The moral argument is particularly important for Americans because our population is more religious than many other industrialized nations. Respondents to the study who fall under the category of “dismissive” or “doubtful” of climate change say they will reject a scientific explanation if it conflicts with their religious views – so for prominent faith leaders to not only express belief in climate science, but also call for urgent action is a big deal.
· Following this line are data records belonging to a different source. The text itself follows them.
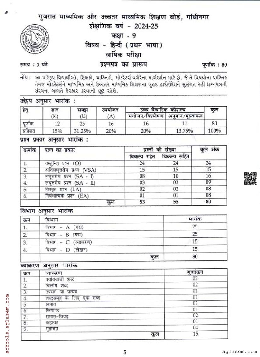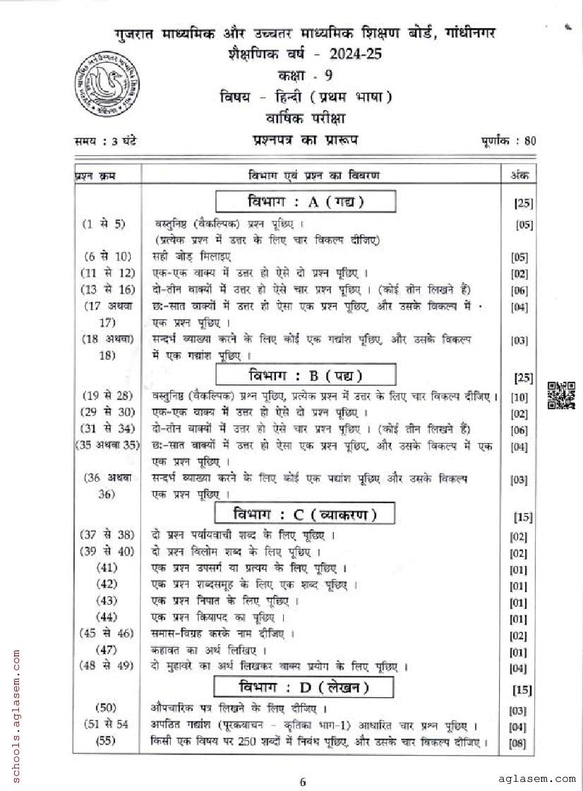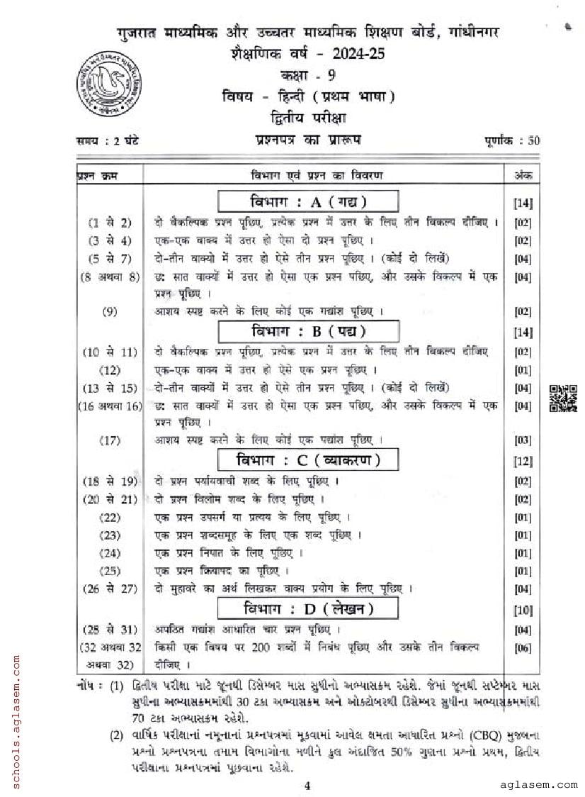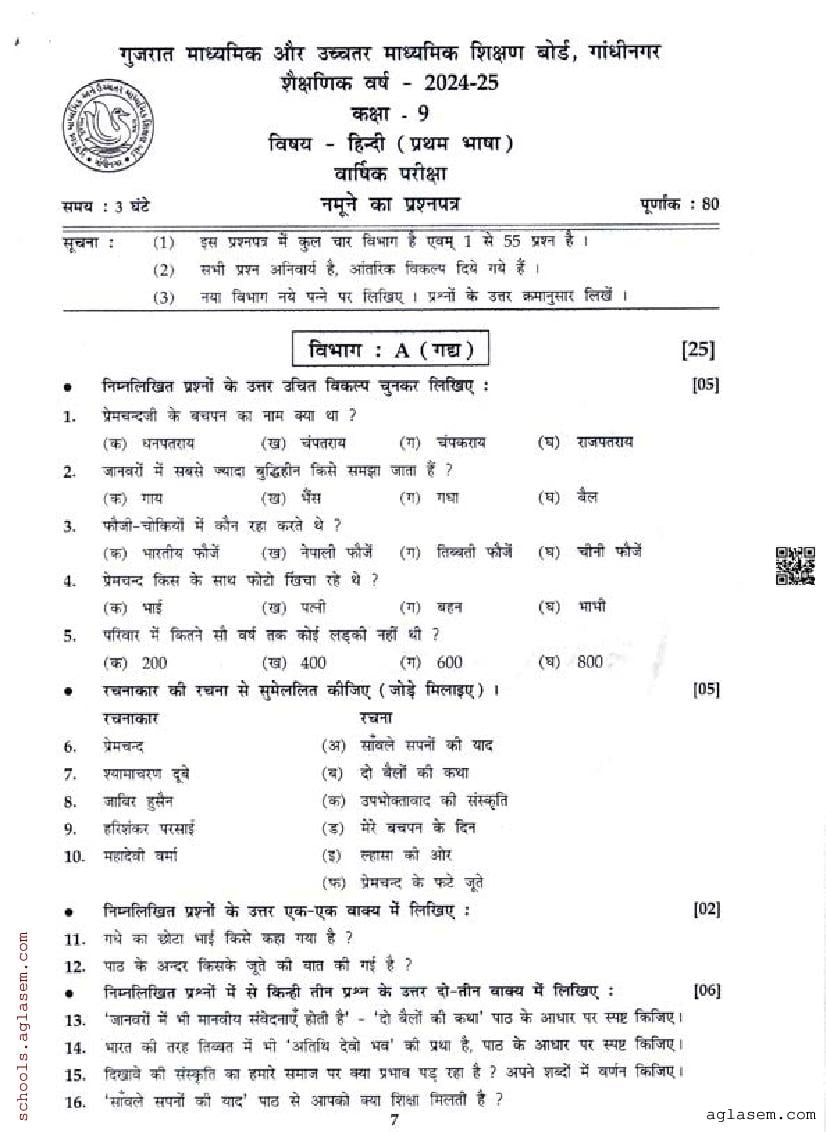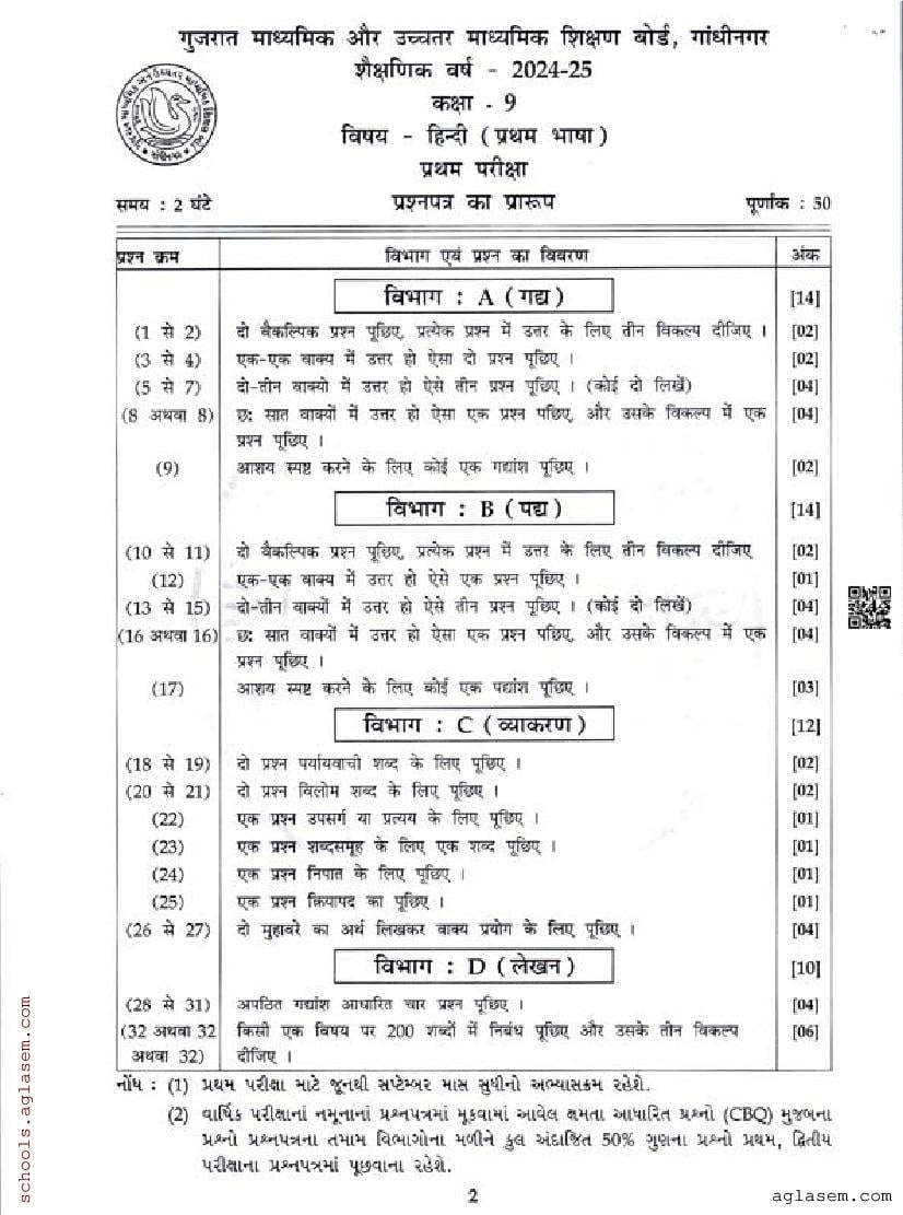 | Educational Resource Here | Gujarat Board Class 9 Hindi FL Model Question Paper |
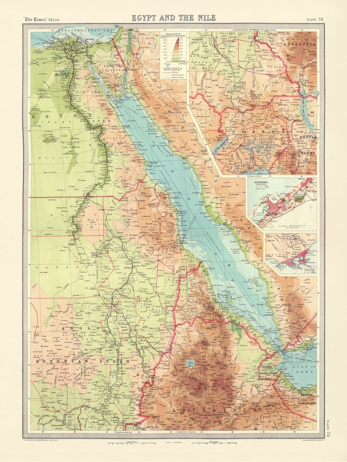 The political framework is drawn with lucid economy. Clearly labeled boundaries delineate Egypt’s borders and internal divisions, while the long southern frontier with Anglo‑Egyptian Sudan is traced with the cartographic assurance that characterized the period. The Sinai land bridge is set apart by both color and relief, emphasizing its role as hinge between Africa and Asia. Insets focused on Alexandria and its environs amplify the story: breakwaters, harbor basins, railheads, and canalized waterways are articulated to reveal the city’s industrial and maritime reach across the Delta. Urban names constellate along the littoral and within the Delta’s lattice of channels, from the approaches to Port Said to the shoulders of Rosetta and Damietta, mapping a landscape where antiquity and modern infrastructure entwine.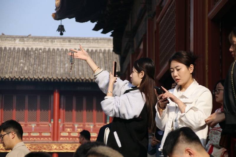 雍和宫景区内,一位年轻游客在为排队买到的手串拍照留念。 陈雪波/摄影
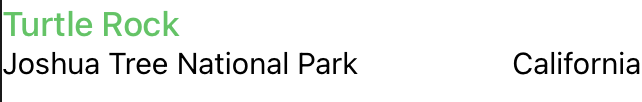 그다음 텍스트를 “Joshua Tree National Park” 로 변경하고 font도 subheadline변경, 그다음 스택의 정렬 기준을 leading으로 바꾸면

In recent months, many people heard for the first time – from leaders they respect and trust – that climate change disproportionally impacts the poor, and that humankind must act in the name of social justice.
As the authors of the study point out, the more clearly we can demonstrate that climate action helps both the poor and the environment (and will create a better world for future generations), the better we’ll be able to engage whole new segments of the American public.
By Connie Roser-Renouf and Edward Maibach of George Mason University and Anthony Leiserowitz, Geoffrey Feinberg, and Seth Rosenthal of Yale University
Our new report: “Faith, Morality and the Environment: Portraits of Global Warming’s Six Americas” explores Americans’ receptivity to a moral framing around the issue of climate change.
Over the course of 2015, we witnessed an evolution in public discourse on global warming. Typically discussed in the news media solely as a scientific, environmental or political issue, global warming is now being reframed as a moral and spiritual issue by religious leaders – most notably by Pope Francis. Americans are now hearing – often for the first time – that global warming will have severe impacts on the world’s poor; that it violates divine dictates on the treatment of nature; and that it requires a concerted response from all nations in the name of social justice and God’s will.
To explore Americans’ receptivity to a moral framing, in Spring 2015, before the Pope’s encyclical and visit to the U.S., we assessed the religious and spiritual values and beliefs of Global Warming’s Six Americas, six groups within the American public with very different views on global warming. We found that most Americans at the time did not view global warming as a moral issue. Only the most concerned groups – the Alarmed and Concerned – viewed global warming as a moral issue, and only the Alarmed viewed it as an issue of social justice or poverty. Less than a third of any segment said global warming is a spiritual or religious issue, and 40 percent said that their views on the issue reflected their core moral values only slightly or not at all.